Japanese optical manufacturer

Norita (ノリタ光学, Norita kōgaku) was a Japanese optical manufacturer. Founded in 1951 by Toshio Norita (車田利夫), it originally made lenses for binoculars but moved on to prisms and thence pentaprisms for SLR cameras.

Musashino Kōki (武蔵野光幾) had been making a 6×6 SLR called the Rittreck 6×6 from 1968; for which Norita had been making the pentaprism finder and the three lenses (wide, standard, and tele). When Musashino decided to terminate production of this camera, Norita decided to expand from being merely an optical designer/manufacturer to manufacturing cameras, and took over machine tools, assembly, and some staff from Musashino.

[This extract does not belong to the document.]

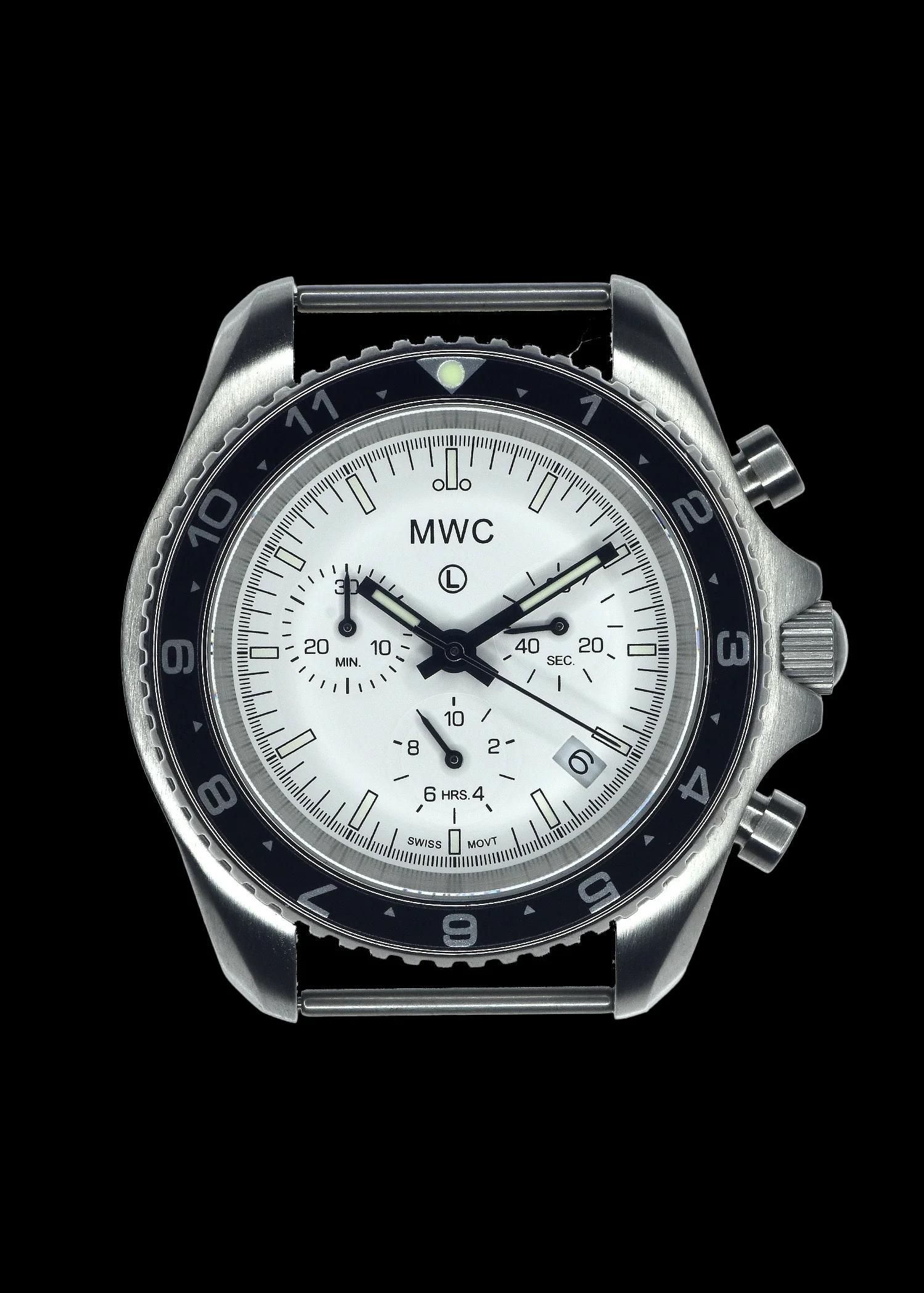 Built for the aviation applications and tough enough for any terrain, the MWC NATO chronograph in stainless steel was developed to meet the demanding needs of military aircrews, commercial pilots, and general aviation professionals. While based on the proven specifications used by other NATO chronograph manufacturers, this model brings several smart upgrades that improve functionality, legibility, and real-world practicality.

For its new "Norita 66", Norita expanded the range of lenses: the 55/80/160mm selection for the Rittreck became 40/55/80/160/240/400. Additionally it produced a 75mm f/3.5 lens with built-in shutter (bypassing the focal-plane shutter for high-speed synchronization with electronic flash); the most remarkable lens in the line-up remained the 80mm standard lens with a fast opening of f/2, fast for a medium-format lens. Originally branded Rittron, this lens had been designed and manufactured by Norita from the start. After Norita took over the production of the Rittreck 6x6, it was rebranded as Noritar, but optically remained the same as the original Rittreck 'kit lens'.

Norita tied up with Singer, owner of Graflex, and exported cameras to the US, where they were sold as, and inscribed, "Graflex Norita". Norita also exported cameras to France, West Germany, the Netherlands, and Czechoslovakia. In 1976, the company stopped the production of cameras and camera-related products, but remained in business, making projection lenses and other products. In 1994 Hagiya Takeshi wrote that the Norita products his readers were most likely to encounter were the three (RGB) lenses for large television projectors.

In 2000 Norita Optical Co., Ltd. became an Enplas dependent company and was renamed Enplas Optics Corporation in 2001, but finally closed its doors in 2005.